It was a long stretched out report but you finished it with pics. and now I'll give it a good report rating.


----------



## 01 Aggie (Mar 13, 2006)

He just did not want to get called out with the "this thread is useless..." photo!

Nice load!

Send me a pm if you want to meet up there sometime.


----------



## bearkat51 (Dec 5, 2008)

Thanks johnmyjohn and 01 aggie. I will def pm you if we head that way 01 aggie. It won't probably be for a week or so b/c I am starting a new job at Home Depot. I am also looking at trying the dam below Livingston. It is closer and I have heard good reports coming from there. Tight lines everyone.


----------



## 01 Aggie (Mar 13, 2006)

*2/20/09 Evening*

We hit it again yesterday...3 of us caught somewhere around 25 whites and 7 hybrids/stripers (kept 5 of the big ones.)

Guys that fished all day, and with minnows caught limits...we were using roadrunners. No pics uploaded yet.

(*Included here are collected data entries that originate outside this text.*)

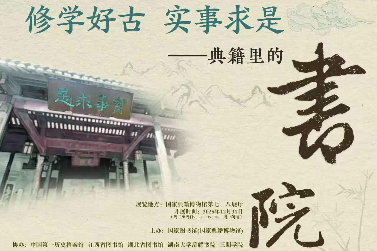 2025年12月31日,“修学好古 实事求是——典籍里的书院”展览在国家典籍博物馆第七、八展厅开始预展(每周一闭馆,节假日另行通知)。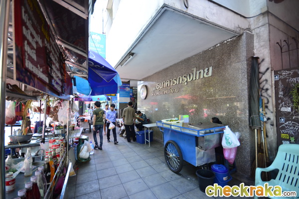 ธนาคารกรุงไทย ด้านหน้ามีรถเข็นขายอาหารอยู่เรียงราย บรรดาพนักงานธนาคารก็คงมาใช้บริการกันเยอะพอสมควรค่ะ
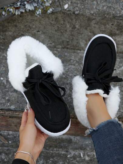 女式休闲运动鞋,带保暖内衬、流苏和系带 - 黑色 - 查看 1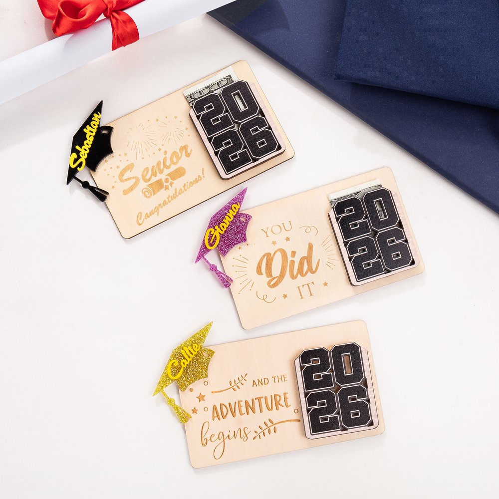 Deze geldhouder is gemaakt van hoogwaardig lindenhout; de natuurlijke nerf en warme tinten voegen een rustieke charme toe, terwijl de gladde, gepolijste afwerking hem een strakke, moderne uitstraling geeft. Het graveer- en snijproces zorgt voor een scherpe, duidelijke weergave van de naam en het jaar van de klas van de afgestudeerde, wat een langdurig en dierbaar aandenken belooft.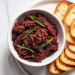 This Olive Sun-Dried Tomato Tapenade is a vibrant and savory Mediterranean spread made from Kalamata olives, sun-dried tomatoes, capers, garlic, and fresh parsley. Perfect as an appetizer or sandwich spread, it’s quick to prepare with no cooking required and offers a delightful combination of briny, tangy, and herbaceous flavors.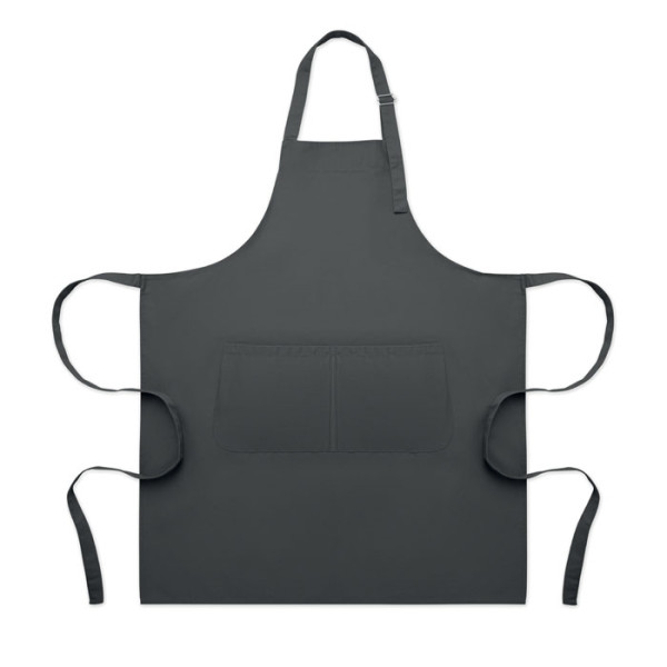 Lange, verstellbare Küchenschürze aus 240 g/m² Polycotton (35% Baumwolle, 65% Polyester) mit zwei Fronttaschen und verstellbarem Gurt mit Metallschnalle.
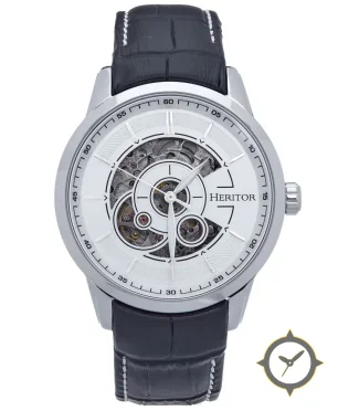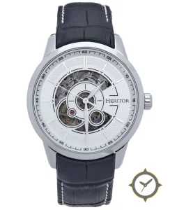 A Skeleton watch with a vintage-inspired 35.5mm case, crafted from stainless steel featuring a white dial with a unique openworked/skeleton with circular guilloché finish.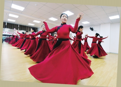 老年大学里热爱文艺的社区阿姨们正在排练舞蹈。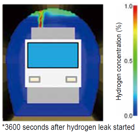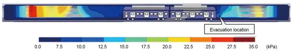 Based on past railway accident investigation results, we developed scenarios and conducted a risk assessment including numerical analyses. We also proposed safety measures such as leak and pressure detection devices, safety valves, shut-off valves, and structural protections (Figure 1). In particular, regarding hydrogen flow in enclosed spaces such as tunnels, we conducted simulation-based verification of small leaks from rooftop equipment piping on hydrogen fuel cell vehicles and large releases from thermal safety valves during fires. As a result, for small leaks, it was found that even in areas considered high-risk due to queues, the concentration remains below 4%, which is the lower flammability limit (Figure 2). Regarding large releases, and assuming ignition scenarios, we estimated the pressure exerted on the human body at evacuation points in the event of a hydrogen explosion and confirmed that it remains within the acceptable limit of 20 kPa or less (Figure 3).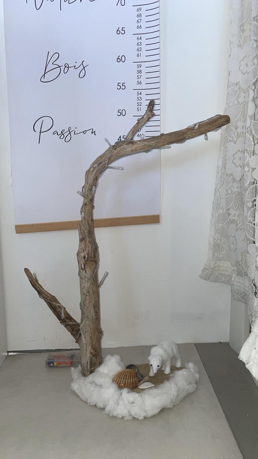 Le bois flotté, poli par le sel et le temps, raconte déjà son histoire : il a connu les tempêtes, les marées et la lumière changeante du ciel.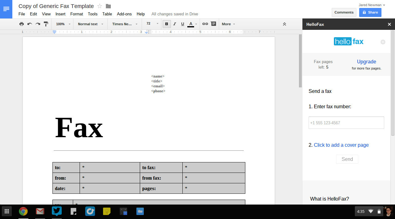 В тех редких случаях (хочется в это верить), когда вам нужно отправить факс, предлагаемый способ поможет избежать похода на почту. Расширение Hello Fax позволяет отправлять документы по факсу непосредственно из «Документов Google». Здесь есть даже встроенная форма для оформления. Правда, бесплатно сервис позволяет отправить только пять страниц. Отправка последующих обойдется вам в 99 центов за лист. Можно также оформить подписку, стоимость которой составляет от 10 долл. в месяц.

They are still hitting pretty well as the water is down close to normal and much clearer than last week.


----------



## johnmyjohn (Aug 6, 2006)

You guys don't quit. That's good , go back and catch what would of been my share. Nice report, and keep adding how crowded it is when you go.


----------



## bearkat51 (Dec 5, 2008)

just a few question 01 aggie. Where are y'all fishing? Further down the river from the dam or near the dam? I would like to catch a few more hybrids when I go b/c they are sure fun to reel in. Do you think if I use a bigger bait I would catch them better? Thanks for any info.


----------



## shadslinger (Aug 21, 2005)

Yeah that's a nice stinger of white bass bearkat. I hope you keep on catching them and giving us a report, good job.
SS


----------



## wadefisherman (Oct 26, 2006)

I fished all day @ lock n dam today. There are so many males...very few female (eggless) caught. They did not hit any lures...only on minnows. Very disapointed for 3 hours drive.


----------